Los guerrilleros, si querían, podían llegar a ser muy crueles. Cuentan los secuestrados que hombres como alias Gafas, uno de los insurgentes detenidos en la ‘Operación Jaque’, los obligaba a estar encadenados las 24 horas. El cabo William Pérez le relató a El Espectador que si un soldado discutía con un ‘fariano’, éste lo metía en un cajón de madera con candado y otro se paraba encima y le tiraba tierra día y noche. “Era una tortura sicológica, ellos quieren ‘quebrarlo’ a uno, que uno los vea y tiemble de miedo. Que uno se vuelva dócil y útil para ellos”.  


Los campos de concentración se acabaron para estos rehenes en 2004. Pero no por voluntad de la guerrilla, sino por las acciones del Plan Patriota. El comienzo de esta ofensiva militar marcó una época de caminatas diarias: “La última marcha la empezamos el 29 de diciembre de 2007 y la terminamos el 26 de abril, imagínese... lo importante era salir de las zonas de peligro”, relata el sargento Romero. Aunque, en realidad, la última marcha de estas 15 personas, incluidos los tres norteamericanos, finalizó el 2 de julio. Cuando escucharon las palabras “somos del Ejército Nacional”, supieron que la selva había dejado de ser su presidio.

La rotación de los secuestrados en Los Llanos

Hasta 1999, los grupos de los secuestrados se conformaron con las personas que fueron plagiadas en un mismo evento. En ese año comenzó la zona de distensión del gobierno de Andrés Pastrana, y los campamentos variaron. Los 54 mandos de la Policía y del Ejército fueron reunidos en un lugar, y el resto de agentes y soldados en otro.

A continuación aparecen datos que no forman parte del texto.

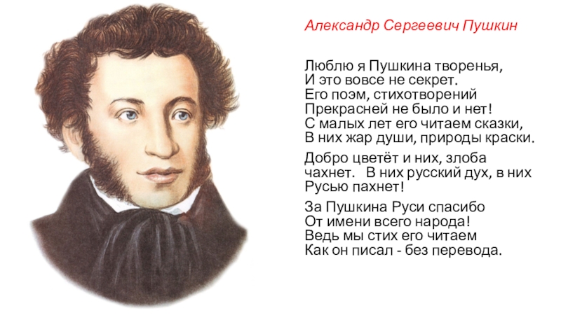 Александр Сергеевич ПушкинЛюблю я Пушкина творенья, И это вовсе не секрет. Его поэм, стихотворений Прекрасней не было и
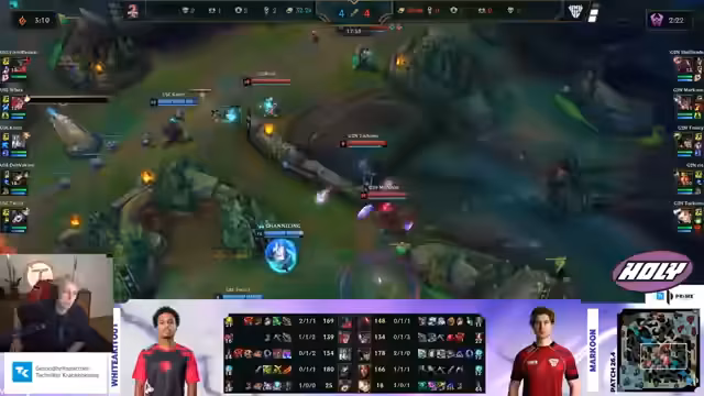06:40:15Das Spiel beginnt mit einer Analyse der initialen Power Spikes beider Teams. Das eigene Team hat bereits Koenig Roken, Chestblade und Blackfire Torch bei Oriana, während die Gegner, Unicorns of Love, Natchez-Do-Sunderskai und bald Triforce besitzen. Das Ziel ist, die Kontrolle über das Spiel zu erlangen, insbesondere im nächsten Drachenfight, da der erste Drache nicht gewonnen werden konnte. Der Fokus liegt darauf, immobile Champions zu schützen und sich der Gefahr durch einen gegnerischen Bartold in der Bot-Lane bewusst zu sein.

Estos últimos resultaron ser los 352 que recuperaron su libertad en el acuerdo de Los Pozos, en 2001.

Después de este episodio unieron a los mandos de la Fuerza Pública con los políticos. Ellos, junto con otros dirigentes regionales como Óscar Tulio Lizcano y Alan Jara —quienes no se encontraban en el área del Meta, Guaviare y Caquetá—, se convirtieron en la lista de canjeables, por los que la guerrilla exigía la libertad de 500 de sus hombres.

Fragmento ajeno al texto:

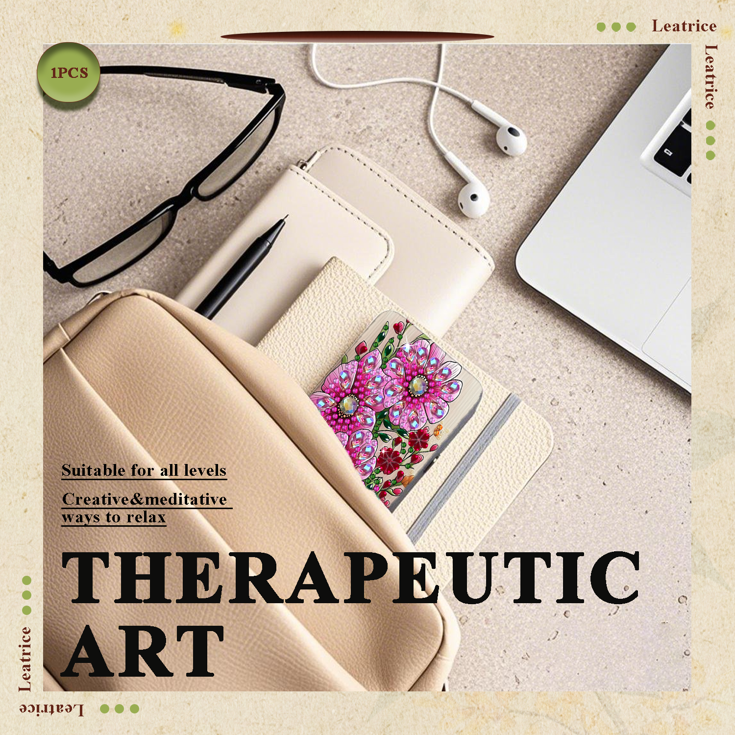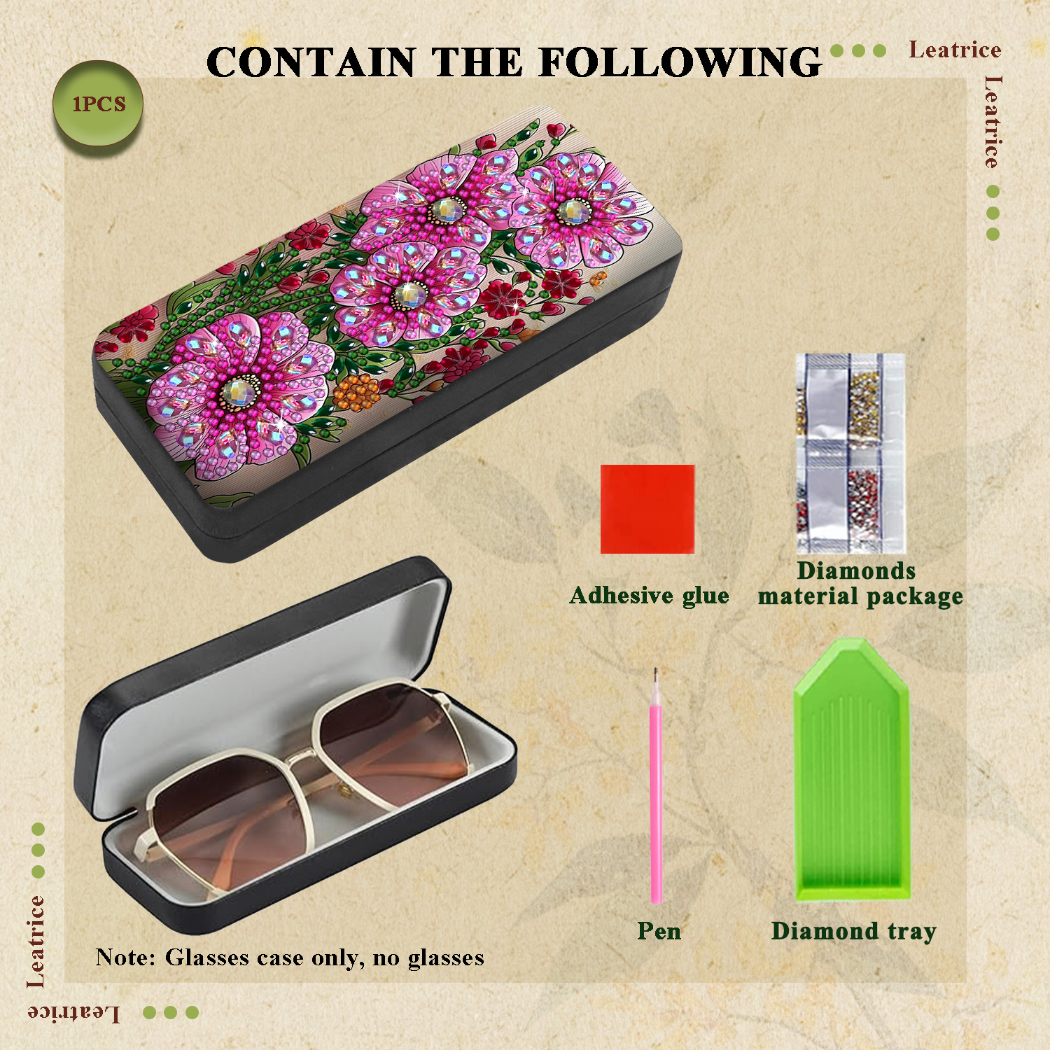 • Genuine DIAMOND DOTZSO® – permata resin khas kami yang berpotongan cemerlang, disortir berdasarkan warna agar proses pengerjaan lebih halus dan cepat.
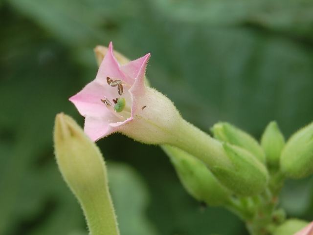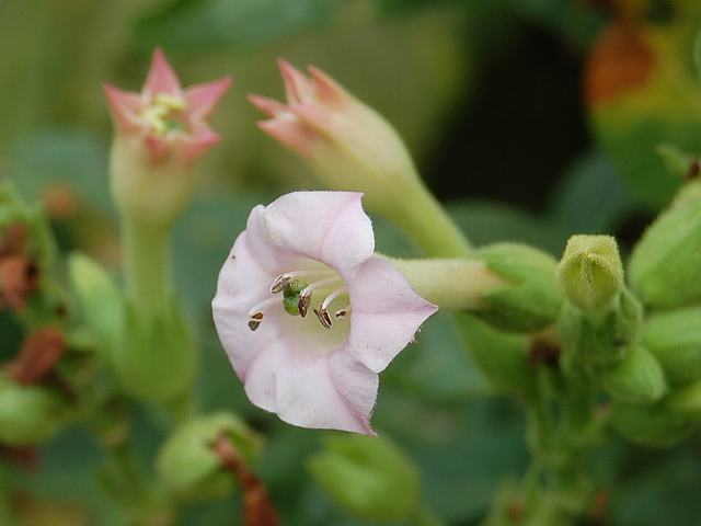 煙草(タバコ) 夏の花 2013年07月04日 煙草(タバコ)はナス科タバコ属の一年草である。原産地は南アメリカである。コロンブスによってヨーロッパへもたらそれた。はじめは観賞用や薬用に栽培されたという。日本へは16世紀に鉄砲とともにポルトガル人によって伝えられた。「タバコ」という言葉もポルトガル語である。江戸時代には喫煙禁止令がたびたび出されたが、これは防火と贅沢禁止が目的であったそうである。現在は東北から沖縄にかけて、ほとんどの府県で栽培されている。しかし、花を咲かせて結実させると葉の品質が落ちるので、栽培用のものは花が切除される。草丈は150~200センチくらいである。全草に毛が生える。葉は細長い楕円形で、互い違いに生える(互生)。開花時期は7~8月である。茎先に総状花序(柄のある花が花茎に均等につく)を出し、ピンクないし黄色の漏斗状の花をつける。花の後にできる実は楕円形のさく果(熟すると下部が裂け、種子が散布される果実)である。有毒植物で、農業用殺虫剤の製造原料ともされる。属名の Nicotiana はフランスの外交官「ジャン・ニコ(Jean Nicot, 1530-1600)さん」の名からきている。初めてタバコの種子をフランスにもたらしたことから名づけられた。種小名の tabacum はネイティブアメリカンの言葉で「タバコ」のことである。写真は9月に東京都薬用植物園で撮った。学名:Nicotiana tabacum★摘まれるが定めなりきと知りながら 気丈に開く煙草の花は花図鑑植物図鑑|味の麺匠戸田久|おこめの鬼平|フロム蔵王|花の本屋さん|楽天トラベル|PR

Cuando comenzó el Plan Patriota los dividieron: en el grupo de Íngrid Betancourt estaban también Luis Eladio Pérez y John Frank Pinchao. Ambos recuperaron su libertad anteriormente. El primero en febrero de 2008 y el segundo en mayo de 2007. Los demás, un policía y seis soldados, forman parte del grupo de rescatados en la ‘Operación Jaque’.

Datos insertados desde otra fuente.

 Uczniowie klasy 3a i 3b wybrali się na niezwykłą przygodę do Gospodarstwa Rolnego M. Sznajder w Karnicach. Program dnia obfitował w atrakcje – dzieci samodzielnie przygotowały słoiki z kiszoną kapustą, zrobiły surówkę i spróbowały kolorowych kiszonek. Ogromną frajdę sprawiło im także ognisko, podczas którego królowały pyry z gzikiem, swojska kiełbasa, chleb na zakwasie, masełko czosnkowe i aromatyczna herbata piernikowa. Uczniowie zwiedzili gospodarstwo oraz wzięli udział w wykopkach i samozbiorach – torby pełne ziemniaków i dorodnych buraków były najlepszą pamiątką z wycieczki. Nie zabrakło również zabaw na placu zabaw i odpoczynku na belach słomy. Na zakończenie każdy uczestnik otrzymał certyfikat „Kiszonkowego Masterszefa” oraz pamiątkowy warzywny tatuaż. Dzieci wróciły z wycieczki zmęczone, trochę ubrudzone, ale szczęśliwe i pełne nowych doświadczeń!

Sobreviviente de un campo de exterminio

Primo Levi es un sobreviviente del holocausto. Durante un año estuvo prisionero en el campo de concentración de Auschwitz (Polonia), en la Segunda Guerra Mundial en 1944. Fue un novelista, ensayista y escritor italiano de origen judío, que nació en Turín el 31 de julio de 1919. Se unió a la Resistencia cuando las tropas alemanas ingresaron al norte de Italia.

Escribió la obra Si esto es un hombre, considerada como una de las más importantes del siglo anterior, en la que relató los atroces detalles de la vida como prisionero en el campo de concentración y exterminio del ejército Nazi. En la presentación del libro dejó por sentado lo siguiente: “no lo he escrito con la intención de formular nuevos cargos; sino más bien de proporcionar documentación para un estudio sereno de algunos aspectos del alma humana”.

También escribió los textos La tregua, Momentos de indulto, Si ahora no, ¿cuándo? y El sistema periódico. Éstas fueron obras muy leídas que le merecieron destacados premios. Se suicidó el 11 de abril de 1987. Levi fue uno de los 20 sobrevivientes de Auschwitz.